§ About this task: Would you repeat the data below exactly, taking out the images?

§ Given material:
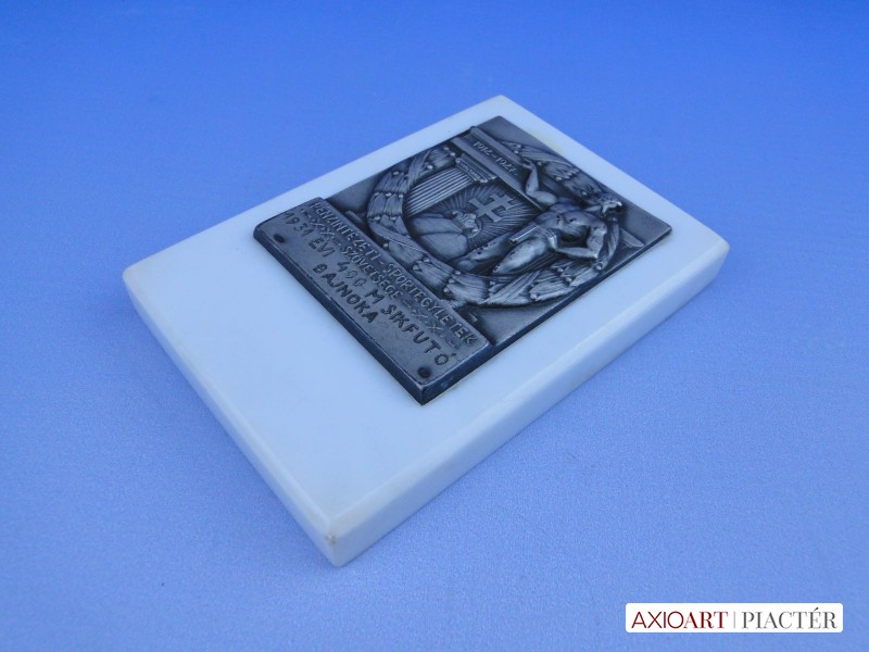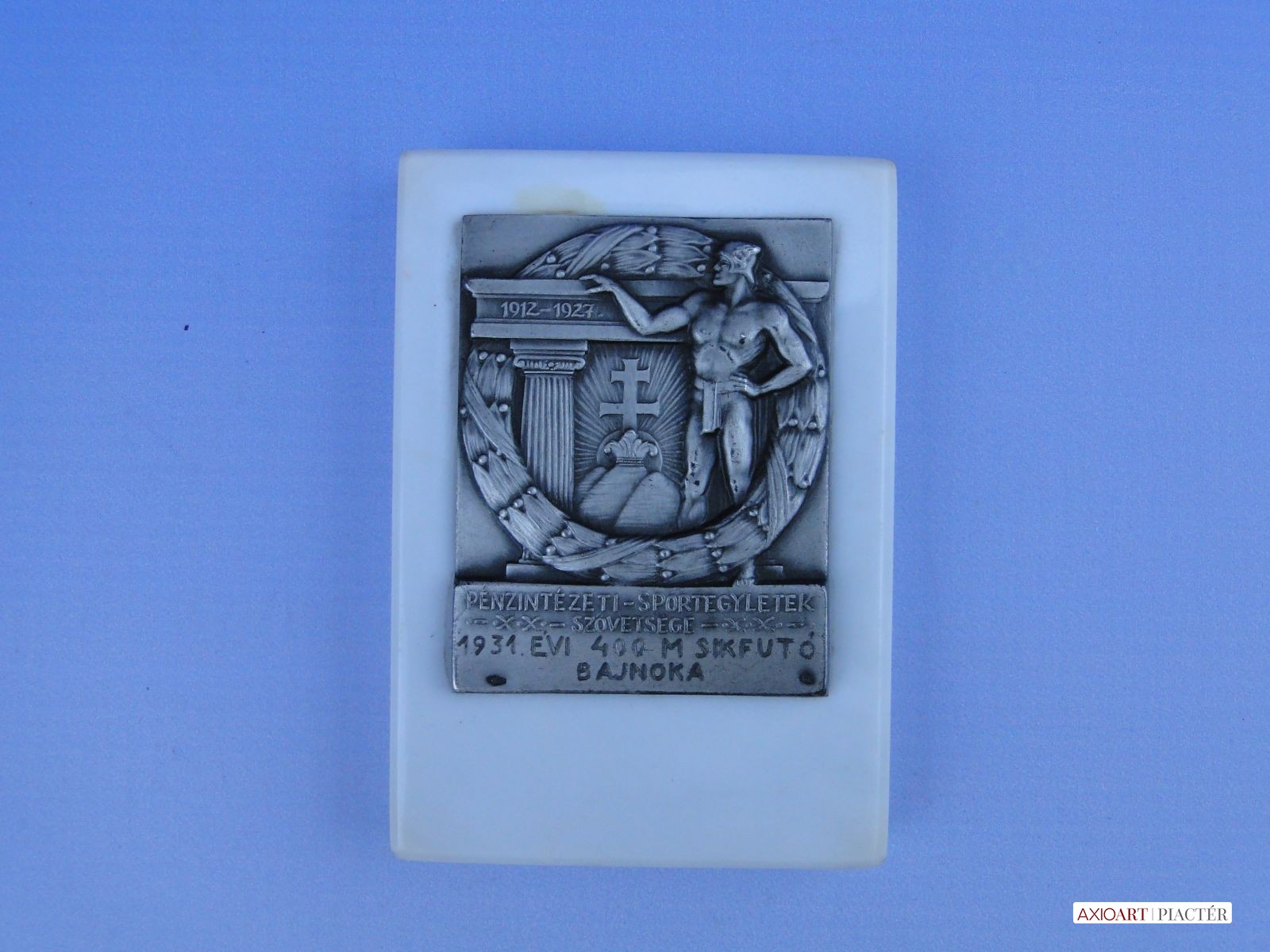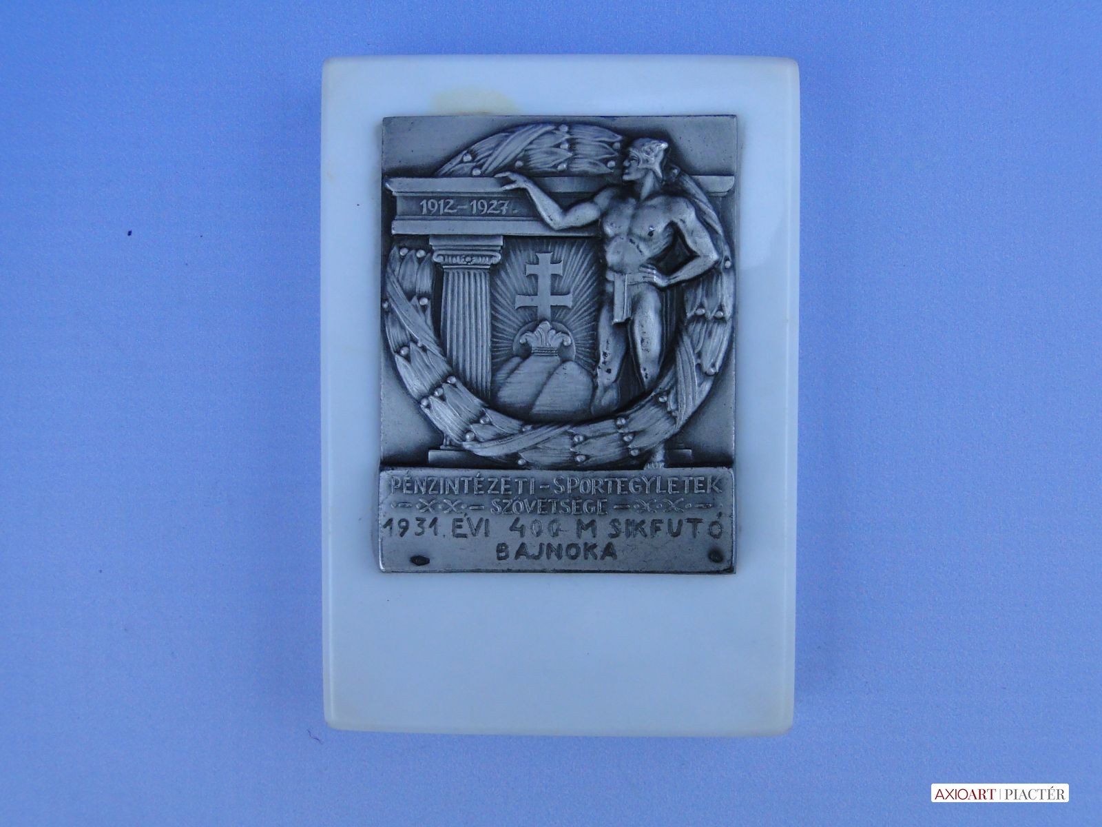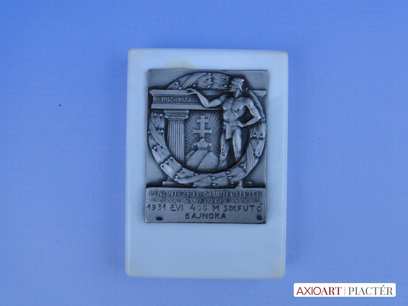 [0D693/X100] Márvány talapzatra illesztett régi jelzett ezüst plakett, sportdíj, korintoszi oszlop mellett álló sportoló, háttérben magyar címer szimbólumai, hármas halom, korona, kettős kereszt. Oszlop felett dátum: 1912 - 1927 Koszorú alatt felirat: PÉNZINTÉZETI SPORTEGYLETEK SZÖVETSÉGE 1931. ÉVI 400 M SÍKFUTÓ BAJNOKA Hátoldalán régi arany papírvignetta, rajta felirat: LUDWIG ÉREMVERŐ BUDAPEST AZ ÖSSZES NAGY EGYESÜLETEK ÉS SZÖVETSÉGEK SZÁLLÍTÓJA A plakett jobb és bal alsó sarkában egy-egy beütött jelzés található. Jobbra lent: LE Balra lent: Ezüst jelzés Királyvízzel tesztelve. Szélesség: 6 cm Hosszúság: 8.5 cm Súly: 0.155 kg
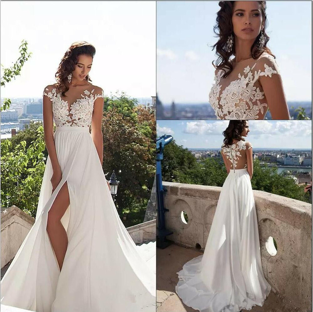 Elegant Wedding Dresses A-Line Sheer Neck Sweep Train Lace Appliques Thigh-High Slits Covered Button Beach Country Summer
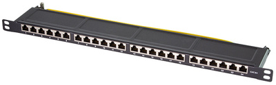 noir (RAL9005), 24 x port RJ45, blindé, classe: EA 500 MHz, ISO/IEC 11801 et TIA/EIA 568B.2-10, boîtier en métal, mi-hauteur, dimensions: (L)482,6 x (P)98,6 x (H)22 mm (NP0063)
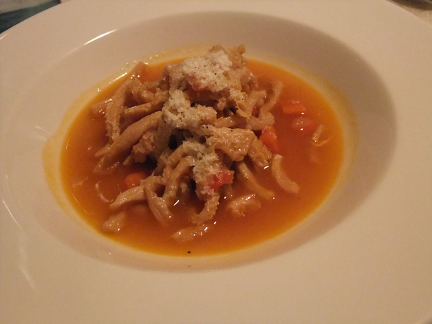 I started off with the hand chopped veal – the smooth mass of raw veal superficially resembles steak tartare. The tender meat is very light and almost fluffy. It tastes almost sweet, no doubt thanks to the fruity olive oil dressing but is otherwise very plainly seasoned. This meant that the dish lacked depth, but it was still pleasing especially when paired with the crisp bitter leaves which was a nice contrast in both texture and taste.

§ Answer below:
 [0D693/X100] Márvány talapzatra illesztett régi jelzett ezüst plakett, sportdíj, korintoszi oszlop mellett álló sportoló, háttérben magyar címer szimbólumai, hármas halom, korona, kettős kereszt. Oszlop felett dátum: 1912 - 1927 Koszorú alatt felirat: PÉNZINTÉZETI SPORTEGYLETEK SZÖVETSÉGE 1931. ÉVI 400 M SÍKFUTÓ BAJNOKA Hátoldalán régi arany papírvignetta, rajta felirat: LUDWIG ÉREMVERŐ BUDAPEST AZ ÖSSZES NAGY EGYESÜLETEK ÉS SZÖVETSÉGEK SZÁLLÍTÓJA A plakett jobb és bal alsó sarkában egy-egy beütött jelzés található. Jobbra lent: LE Balra lent: Ezüst jelzés Királyvízzel tesztelve. Szélesség: 6 cm Hosszúság: 8.5 cm Súly: 0.155 kg
 Elegant Wedding Dresses A-Line Sheer Neck Sweep Train Lace Appliques Thigh-High Slits Covered Button Beach Country Summer
 noir (RAL9005), 24 x port RJ45, blindé, classe: EA 500 MHz, ISO/IEC 11801 et TIA/EIA 568B.2-10, boîtier en métal, mi-hauteur, dimensions: (L)482,6 x (P)98,6 x (H)22 mm (NP0063)
 I started off with the hand chopped veal – the smooth mass of raw veal superficially resembles steak tartare. The tender meat is very light and almost fluffy. It tastes almost sweet, no doubt thanks to the fruity olive oil dressing but is otherwise very plainly seasoned. This meant that the dish lacked depth, but it was still pleasing especially when paired with the crisp bitter leaves which was a nice contrast in both texture and taste.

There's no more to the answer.